“It's a dog eat dog world, Sammy, and I'm wearing milkbone underwear.” – Norm from Cheers
You're not going to believe this.
After leaving the world of 9-to-5 employment, there are times where I think that I don't know what I'm doing. Maybe I've just been lucky so far, and that luck can end at any time?
I wonder if my dad ever felt that way. He started his own company at a relatively young age (in his late 20's, I guess), and ran his own business for 20 years until he passed away. I can't ask him. But I'm sure there were stressful periods along the way.
But sometimes I feel a little uncertain that I actually know what I'm doing, and today is one of those days.

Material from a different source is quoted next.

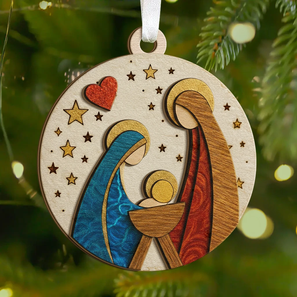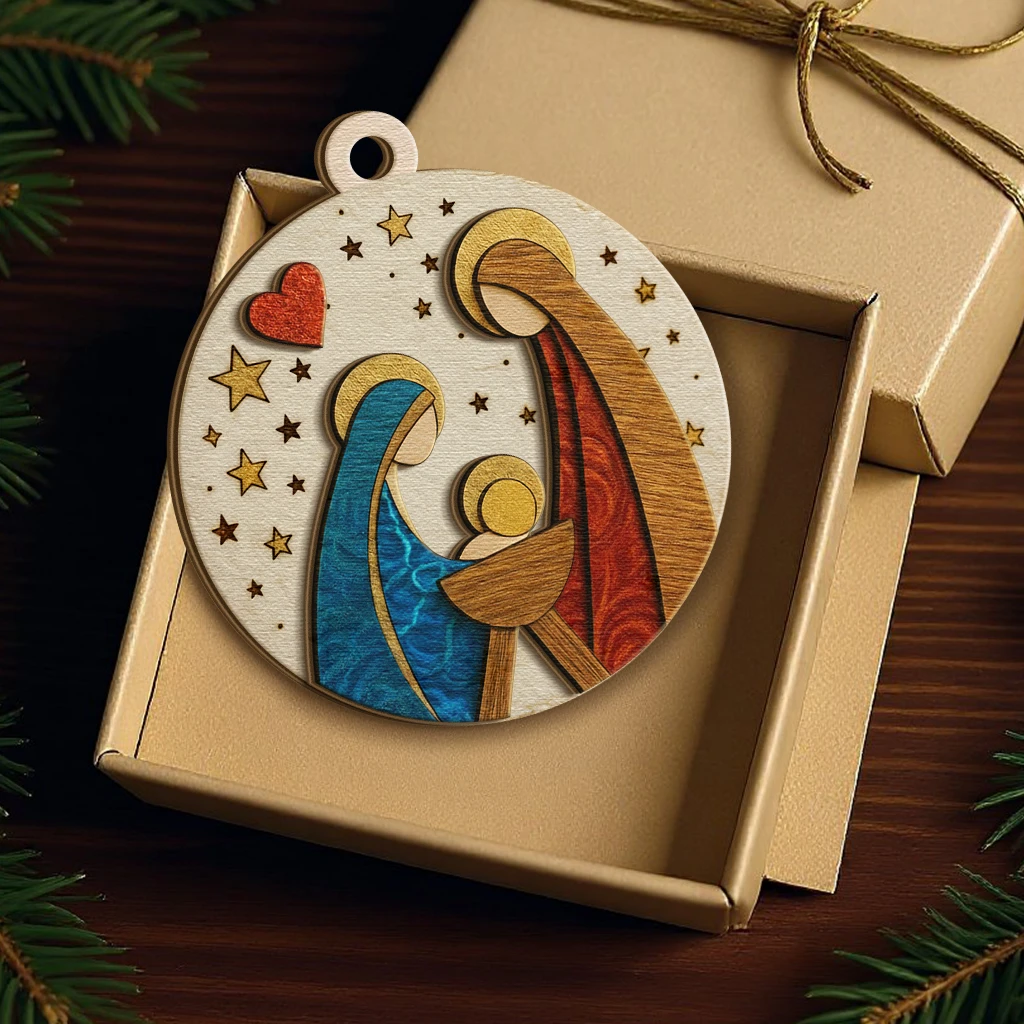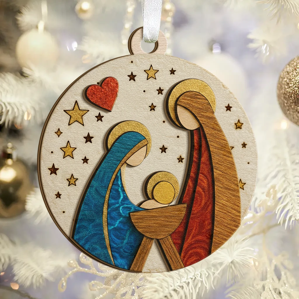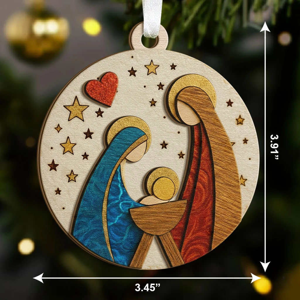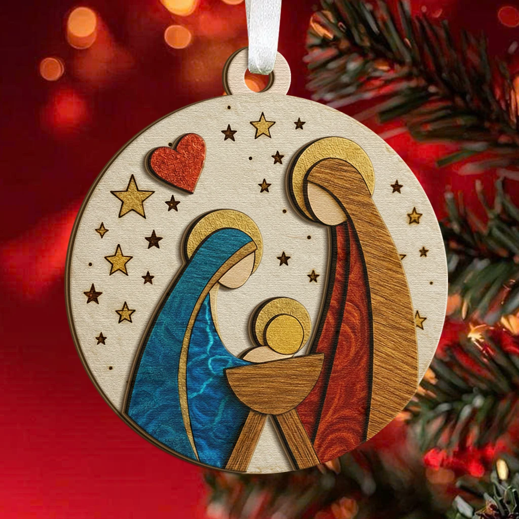 Layered Wood Nativity Scene Ornament | Artistic Handmade Christian Keepsake Honoring Faith, Family, and the Spirit of Christmas

Financially, I'm doing pretty well right now. I'm able to save most of my income, so on that measure, I am not living on any kind of edge.

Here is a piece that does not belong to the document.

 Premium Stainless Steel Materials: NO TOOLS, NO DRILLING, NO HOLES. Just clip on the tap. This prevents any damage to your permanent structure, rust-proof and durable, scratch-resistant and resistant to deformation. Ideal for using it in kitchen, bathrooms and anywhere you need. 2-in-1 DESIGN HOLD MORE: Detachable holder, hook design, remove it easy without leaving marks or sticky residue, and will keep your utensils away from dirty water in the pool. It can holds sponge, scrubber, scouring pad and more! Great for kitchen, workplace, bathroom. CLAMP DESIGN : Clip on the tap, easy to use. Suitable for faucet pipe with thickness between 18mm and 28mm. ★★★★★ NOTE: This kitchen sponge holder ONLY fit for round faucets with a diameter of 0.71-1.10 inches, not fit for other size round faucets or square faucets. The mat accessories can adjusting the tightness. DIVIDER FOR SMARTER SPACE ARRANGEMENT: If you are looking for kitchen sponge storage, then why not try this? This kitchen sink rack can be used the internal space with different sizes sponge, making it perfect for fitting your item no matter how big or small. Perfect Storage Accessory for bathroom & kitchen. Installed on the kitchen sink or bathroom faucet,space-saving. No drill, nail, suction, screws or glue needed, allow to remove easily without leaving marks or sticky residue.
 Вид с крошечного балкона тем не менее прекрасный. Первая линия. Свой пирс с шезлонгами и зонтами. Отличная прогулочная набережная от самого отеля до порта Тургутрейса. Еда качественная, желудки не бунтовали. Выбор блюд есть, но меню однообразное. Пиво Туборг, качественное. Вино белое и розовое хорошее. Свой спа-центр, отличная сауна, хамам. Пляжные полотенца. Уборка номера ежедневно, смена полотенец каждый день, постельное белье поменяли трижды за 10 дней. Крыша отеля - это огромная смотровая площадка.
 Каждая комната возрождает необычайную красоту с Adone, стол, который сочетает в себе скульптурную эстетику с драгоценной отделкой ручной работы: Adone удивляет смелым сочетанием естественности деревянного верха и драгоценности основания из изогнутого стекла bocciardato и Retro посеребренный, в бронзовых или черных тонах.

But how long can this “run” continue? How long can I keep doing what I am doing and getting the same result? How many more times will I be able to withdraw from the great Internet money machine before it stops blessing me with it's favor?
(I also realize that it wasn't too long ago that I said, I truly believe that I can do anything. That's also true. I can do anything I want to do, but sometimes I wonder if I know what I'm doing.)
I have options of course. I could just keep doing what I've been doing. Put the blinders back on, don't worry about the future. Don't mess with success.
Or option two is that I could try to run faster. Hire more help. Create more courses. Get to that next level that I know is currently just a bit out of reach.
And finally, I could start building something that is impervious to rain. That's another angle too.
However, building something impervious to rain requires another layer of risk, effort, and dedication. And a new set of worries about the future.